Cumhurbaşkanı Erdoğan’ın konuşmasından satır başları;
Ülkemizin ilim, sanat, ve kültür hayatına yön veren siz kıymetli dostlarımla 2 yıllık bir hasretin ardından tekrar bir araya gelmekten memnuniyet duyuyorum. Geçen sene salgın şartları sebebiyle Necip Fazıl Ödüllerini kazananları açıklamış fakat ödüllerini verememiştik. 8 yıllık süre zarfında ülkemizin kültür, sanat ilim hayatına önemli katkılar yapan pek çok saygın isme ödül verdik. Alim, sanatçı, şair ve münevverlerin hayattayken kıymetlerinin bilinmesini ödül verilenlere baktığımızda daha iyi anlıyoruz. 2014, ve 2017 yılında ödül takdim ettiğimiz 2 gönül insanını maalesef uğurladık. Nuri Pakdil ve Prof. Dr. Teoman Duralı, arkalarında bıraktıkları eserler dolayısıyla onların alem defterlerinin kapanmadığına inanıyoruz. Rabbim mekanlarını cennet, makamlarını ali eylesin.
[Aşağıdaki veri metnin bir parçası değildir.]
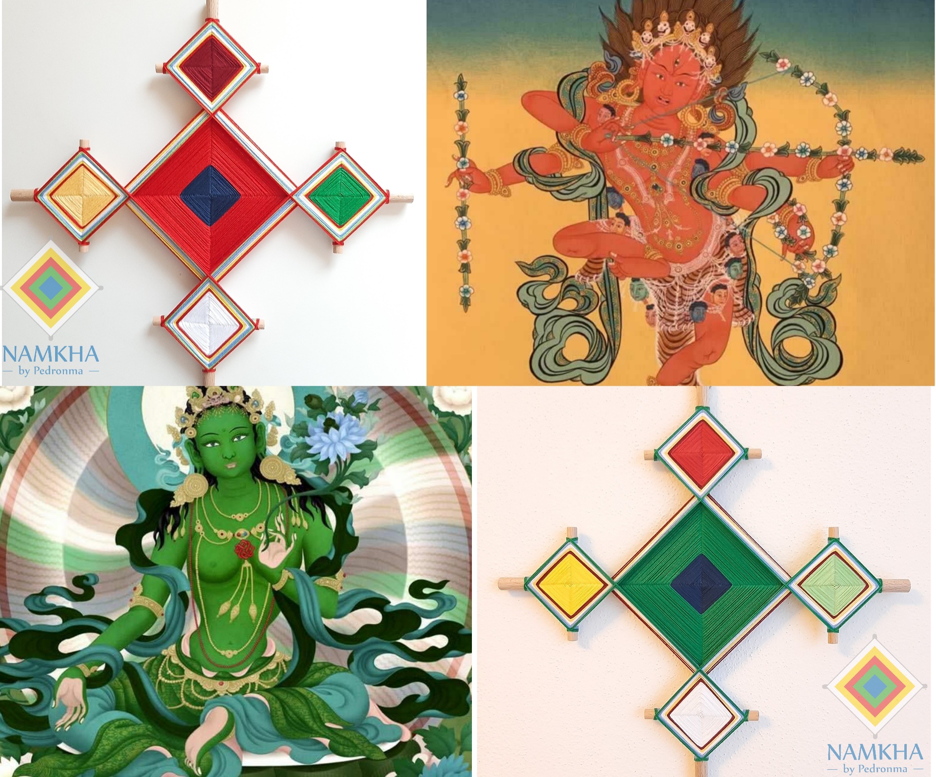Namkha can be constructed to represent a Buddha or a Deity in the same way as a painting or a statue. Any deity can be represented by a namkha. I make namkhas of deities I have received initiation for and practice. They are empowered by the Namkha practice and the deity saddhana and mantra. Contact me for availability. The most popular deity namkhas have been Medicine Buddha (Sangye Menla), Green Tara (Drolma), and Kurukulla (Rigjema).
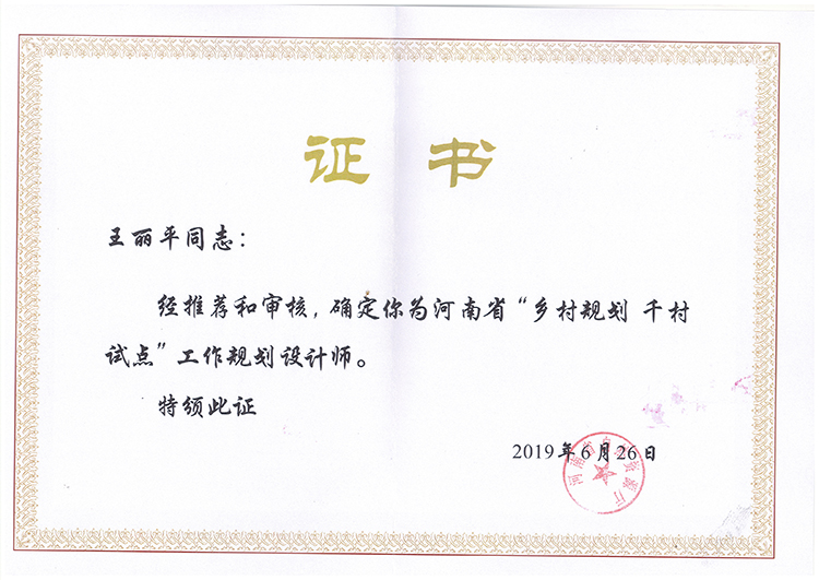 王麗平下鄉(xiāng)規(guī)劃師證書-下鄉(xiāng)規(guī)劃師證書-公司榮譽(yù)
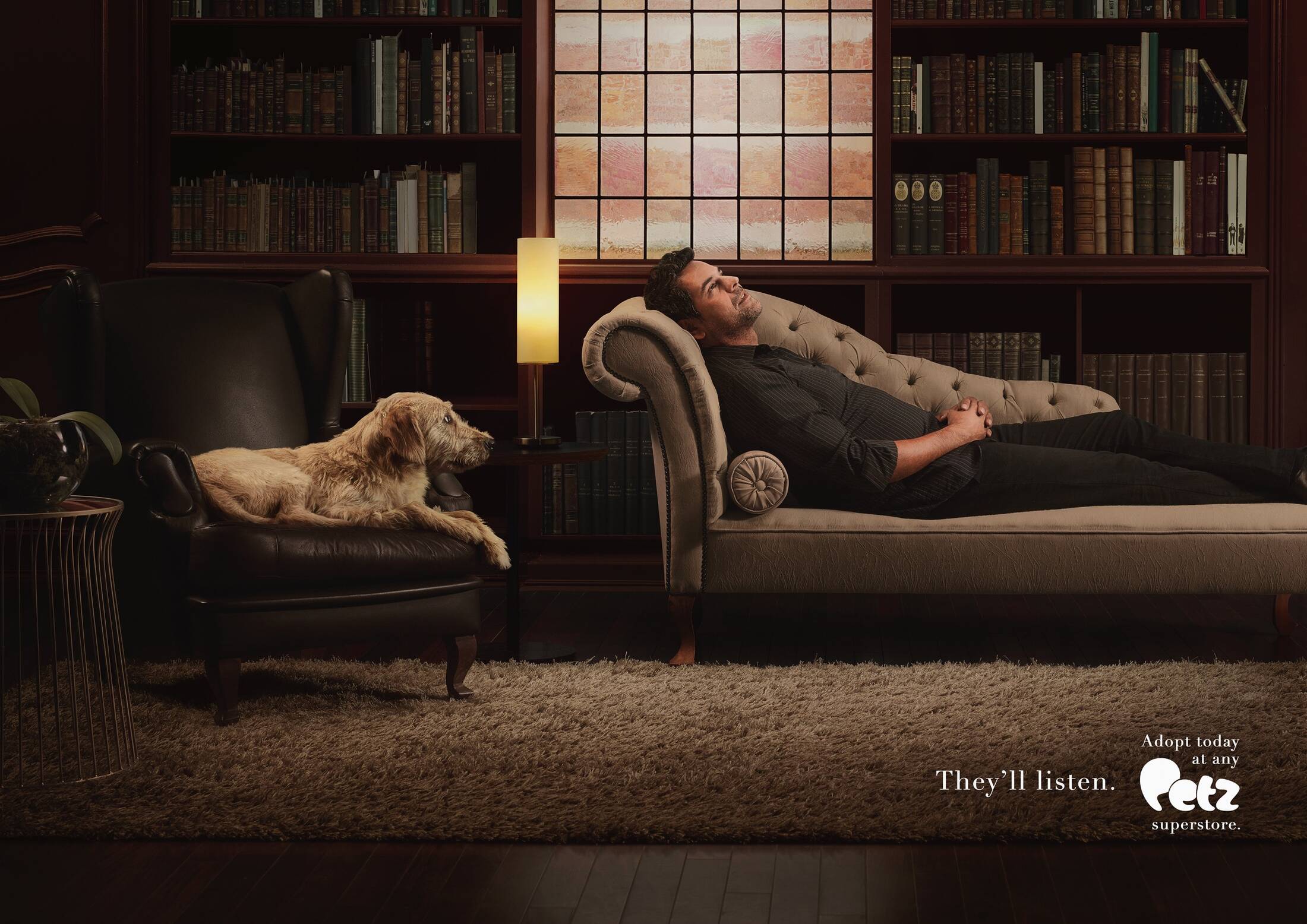 Pet shop network Petz launches a campaign in homage to the companionship and love only a pet can offer. “Listeners” reminds us how animals can be good companions for all times. To illustrate that thought, the ads feature images of pet owners lying on couches in their own homes. In the armchair beside are their pets. The position they take suggests an ongoing psychoanalytic session. The concept associated with the pieces is “They do listen to you. Adopt a pet.”

Bu ülkenin ufkunu genişleten üstat Necip Fazıl’ı da rahmetle anıyoruz. Üstadın izini süren güçlü bir düşünce ve edebiyat damarının bugünde ülkemizde ruhları temizlediğini görüyoruz. Üstat korkmadı, korkutulamadı. Çünkü o dava insanıydı. Verdiği cevap çok asildi. ‘Siz burada hancı ben de bu dava da yolcu oldukça bu hana daha çok uğrarım’ diyordu. Üstat bu en basit bir yerde geri vitese takanlardan değildi. Dimdik ayakta yoluna devam edenlerdendi. Bu ödüller aynı zamanda üstadın davasına, mücadelesine samimiyetle bağlı kaldığımızın bir göstergesidir. Bu ödüller ayrıca milletimizin ruh kökünü diri ve ayakta tutmamızın timsalidir. Bu ödüller kendileri dışında kimseye var olma hakkı tanımayan zorbalara karşı açılmış bir bayraktır. İlim ve fikir yoksunu bu zorbaların ilk günden itibaren Üstat Necip Fazıl’ı dillerine dolamalarının sebebi budur. 2014 yılından beri takdim ettiğimiz ödüllere ahde vefanın tescili olarak bakıyoruz.